In this chapter, Rikki Wagstrom describes how she applied SoTL processes to aid in the development and evaluation of a new curriculum that integrated civic issues into a prerequisite course for college algebra. Her experience illustrates how it can take a long time to identify and frame an appropriate research question. She describes searching the literature and tells how it led her to a useful model, one that prompted her to change the site of her investigation and revise her research question. She provides insights into the problems that can arise in finding faculty members to teach experimental and control sections, and the tough decisions that have to be made about how much data to collect.

Introduction

My SoTL journey originated with the 2006 Summer Institute sponsored by SENCER (Science Education for New Civic Engagements and Responsibilities, see sencer.net). SENCER, a National Science Foundation funded program, supports mathematics and science faculty in creating or modifying curriculum, pedagogies, and courses to integrate civic issues. When I attended the institute, the courses already developed through SENCER were mostly in the sciences; only a few were in mathematics. I returned to Metropolitan State University in St. Paul, Minnesota, inspired to design a SENCER mathematics course and curious about how using the SENCER approach would affect introductory-level courses such as developmental mathematics and college algebra, where low retention rates are a problem.
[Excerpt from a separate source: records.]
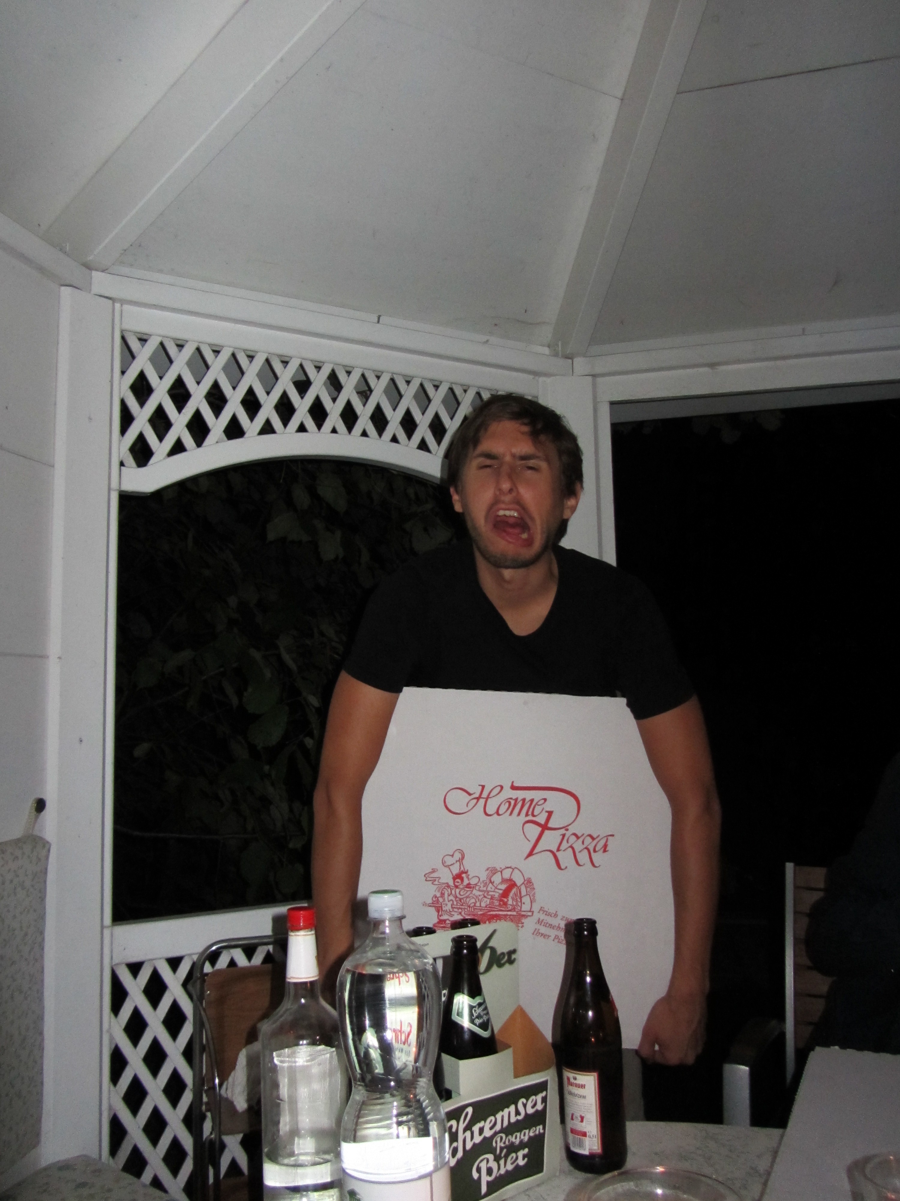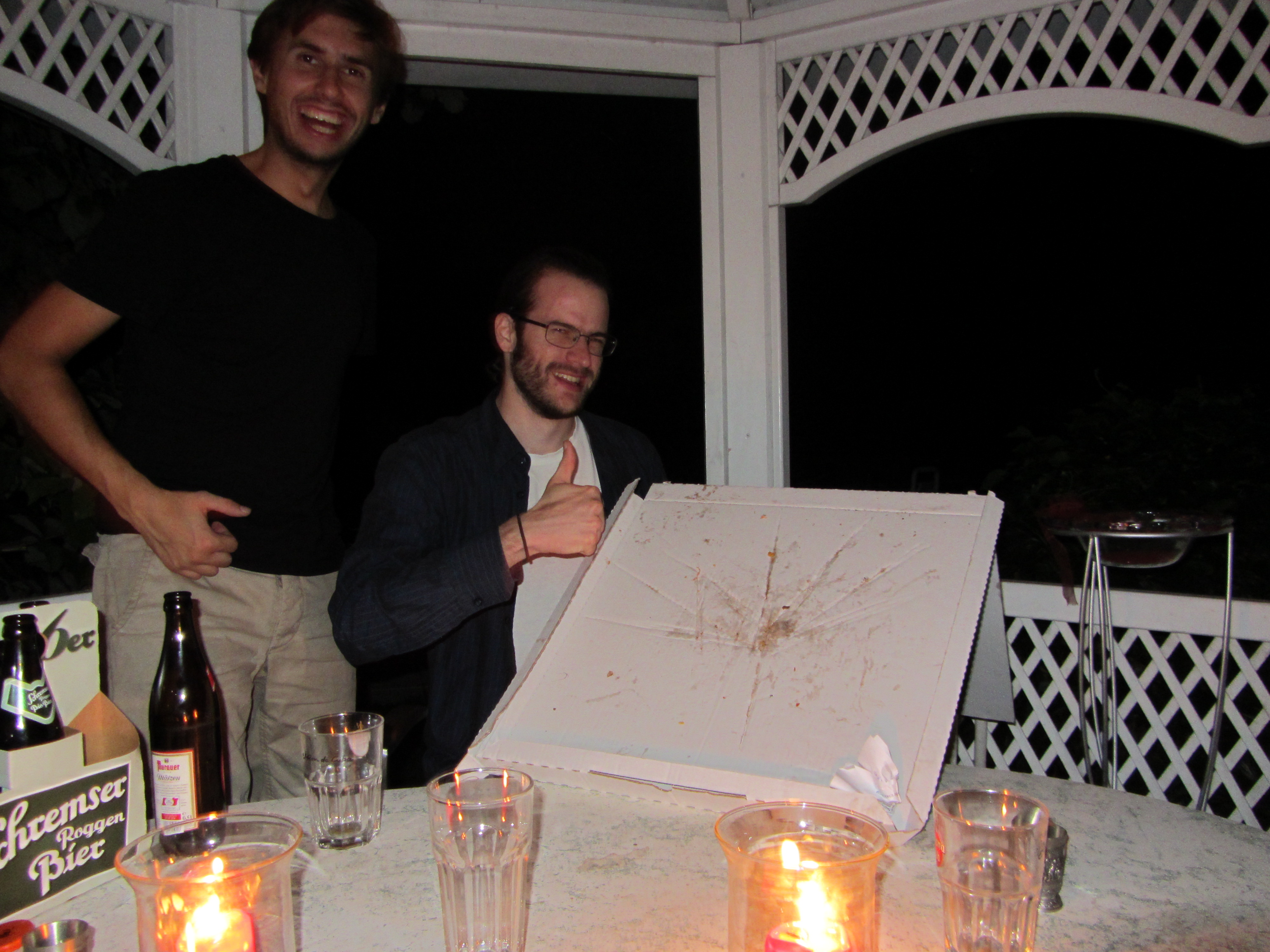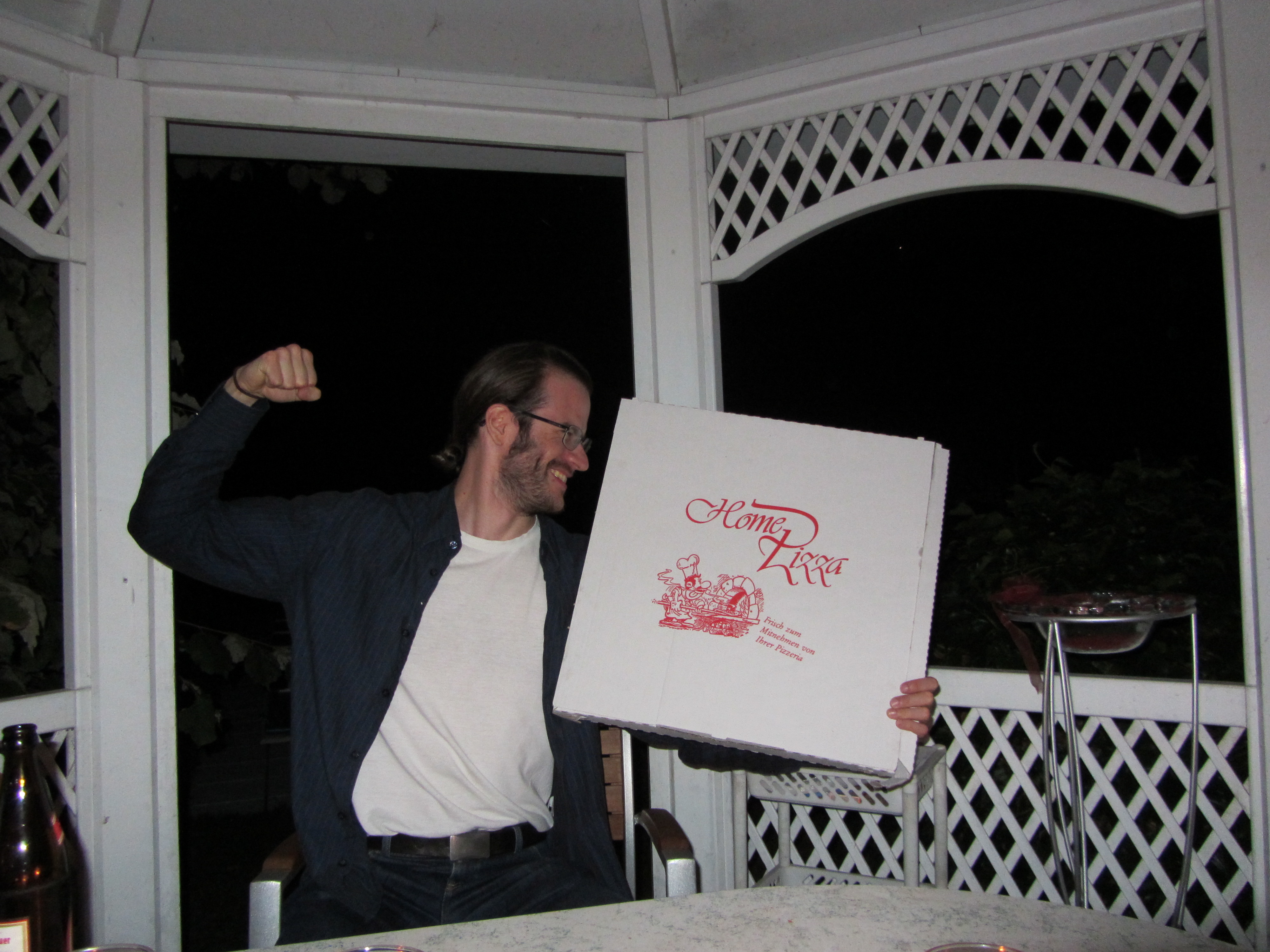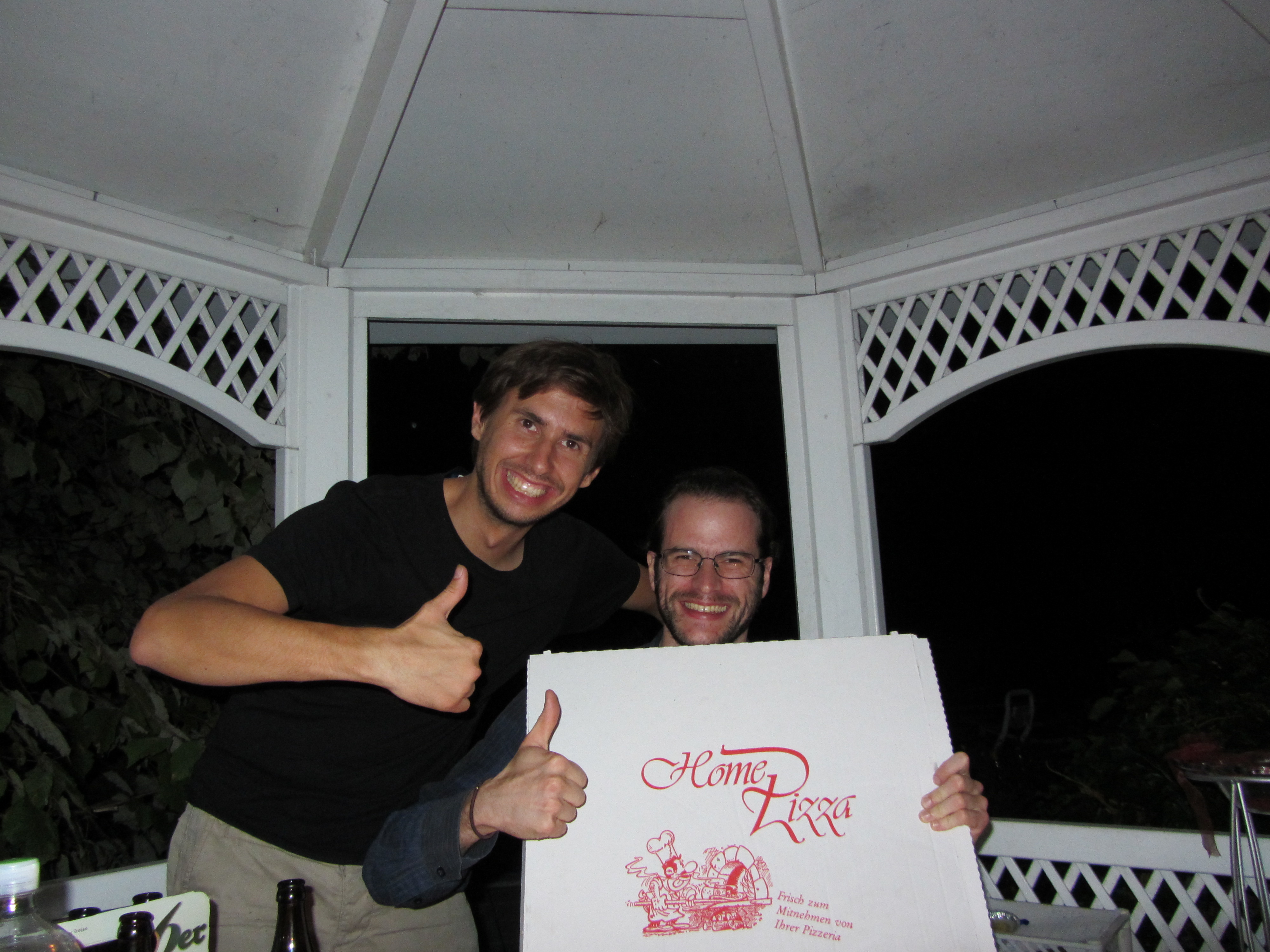 Na bitte, alles dabei. Nur kein Photo von der eigentlichen Pizza. :D Dafür ein Beweis, dass es noch vor Mitternacht war. Der Daumen war auch wieder mit dabei...
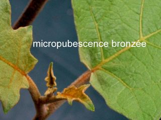 principale, et de la zone du mimbe proche, coloration dûe à une pubescence pigmentée; ce caractère est spécifique des
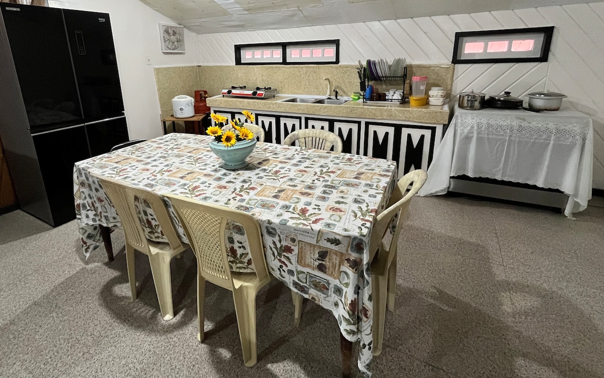 Our place is a spacious 3 bedroom apartment near Burnham Park & Baguio Public Market. It has a veranda in front and at the back where you can enjoy Baguio's cool air. If it gets too cold, step right back in & have your hot cocoa in front of a warm, inviting fireplace. It has 2 toilet & baths complete with bidet & shower heaters. The kitchen is equipped with everything you need to cook basic meals & serve a family of 11. It also has a refrigerator, microwave oven, electric kettle and gas stove.
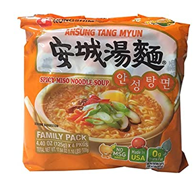 이 조각들은 라면에 맛과 식감을 더할 뿐만 아니라 영양분을 더한다. 향신료 수준에 대해서는, 이것은 아주 흥미롭지만, 대부분의 사람들에게는 확실히 견딜만 하다. 볶음 변종도 나온다.
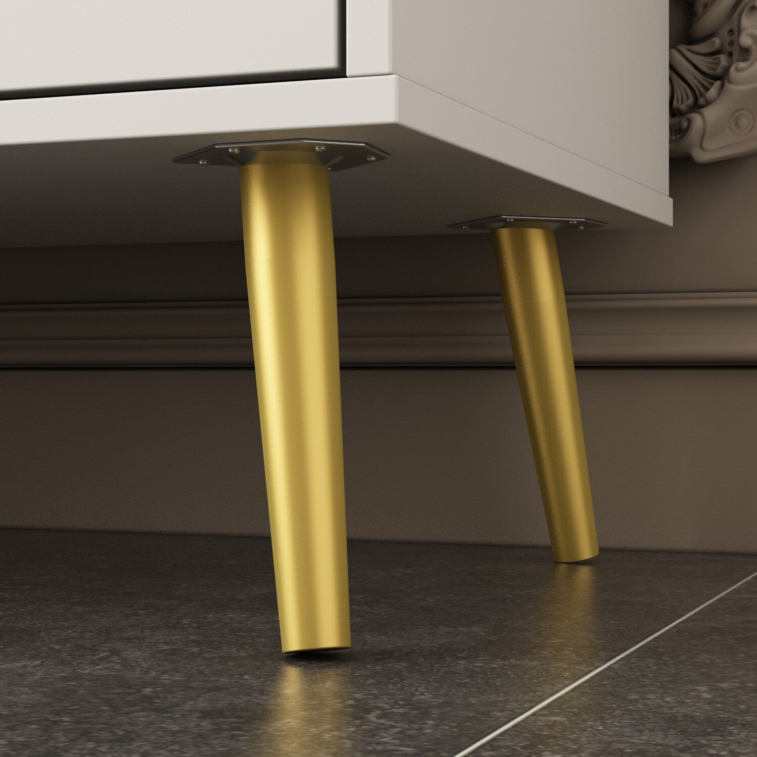 Transform your living area with the FUFU&GAGA Contemporary White Sideboard, a masterpiece of modern design that brings both utility and elegance in abundance. Its sleek, seamless white surface exudes sophistication, while the golden metal accents provide a luxurious contrast. Style it beneath a gallery wall for a curated, urban loft vibe or let it stand alone, showcasing its impeccable craftsmanship. This sideboard isn’t just furniture; it's the cornerstone of chic, functional, and luxurious interior living.
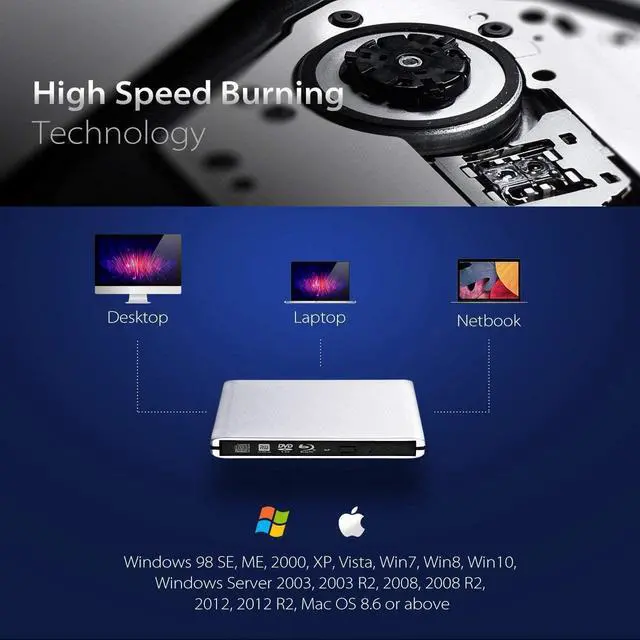 Super Fast for Reading Blu-ray DVD CD 3D discs:Biscon external blu ray drive allows you to read and burn blu-ray discs (BD), CDs, as well as DVDs.This external bluray dvd drive reads CD discs at up to 24x,DVD disc at up to 8x,and Blu-Ray disc at up to 6x.The usb bluray drive supports 8.5G 4.7G 700M CD DVD burning capabilities.
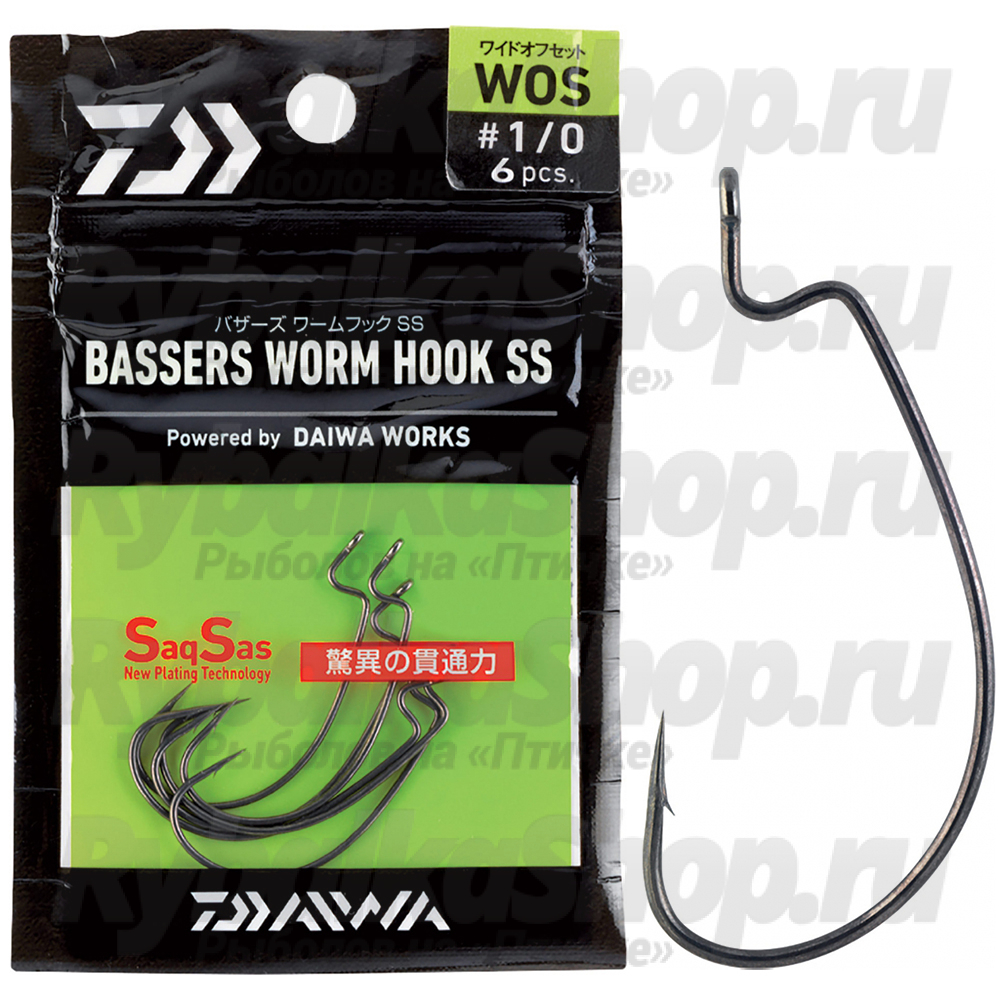 - Особенная острота крючка была достигнута, благодаря ультрасовременной технологии SaqSas, делающей конус жала совершенным. Чтобы крючок Daiwa офсетный Basser's Worm Hook SS WOS долго не тупился, его защищает фторидное финишное покрытие. Есть экспертное заключение подтверждающее, что SaqSas повышает эффективность подсечки крючков на 40 %.
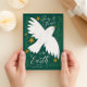 Uma mão ilustrada flutua através deste charmoso cartão de Natal espalhando uma mensagem de alegria e paz na Terra.
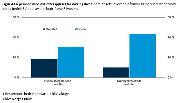Det er særlig næringsrettede bedrifter som ser muligheter i det grønne skiftet, se figur 4. I intervjuene trekker flere frem at strengere rapporteringsplikter, økt behov for ny kompetanse og etterspørsel etter utslippsreduserende, energieffektiv teknologi øker etterspørselen etter deres varer og tjenester. Det er flere husholdningsrettede enn næringslivsrettede bedrifter som oppgir at klimaforhold i sum er negativt for virksomheten. Svarene må trolig ses i sammenheng med at bedriftene ellers i undesøkelsen er bedt om å vurdere konsekvenser av faktorer knyttet til klima i et relativt kortsiktig perspektiv. Det betyr ikke nødvendigvis at klimaendringer og omstillingen til et lavutslippssamfunn frem mot 2050 i sum vil bidra til vekst i norsk økonomi, men kan bety at omstillingen som nå skjer i mange bedrifter, i en periode kan gi markedsmuligheter for flere.
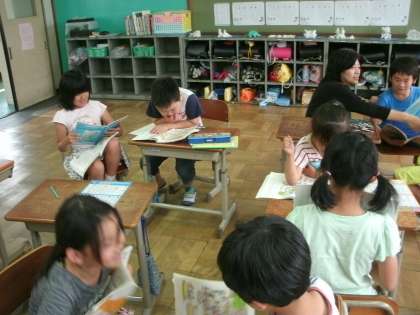 国語科の学習で「ともこさんはどこかな」という教材に取り組んでいます。遊園地で迷子になった子の特徴を伝えて,教科書のイラストからその子を探します。今日は友達同士で迷子さがしゲームをしました。
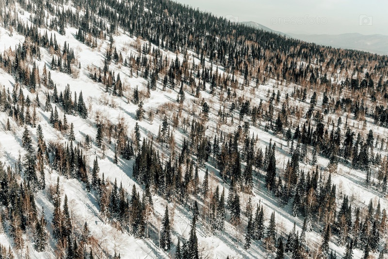 Пейзаж заснеженных гор, горный хребет в дымке зимой

When I returned for the 2007 SENCER Summer Institute, I participated in a pre-institute workshop on the Scholarship of Teaching and Learning. Workshop participants began to develop a SoTL research question to investigate during the coming year and to report on the following summer. I started with many questions: Would teaching college algebra through a civic issue generate interest in mathematics? Would it improve students' ability to think about and use algebra sensibly? Would it better prepare them for future mathematics courses? To launch my SoTL project, I settled on the question: How does teaching algebra through civic issues affect students' abilities to apply appropriate mathematical arguments or tools to mathematics-related problems arising in their lives?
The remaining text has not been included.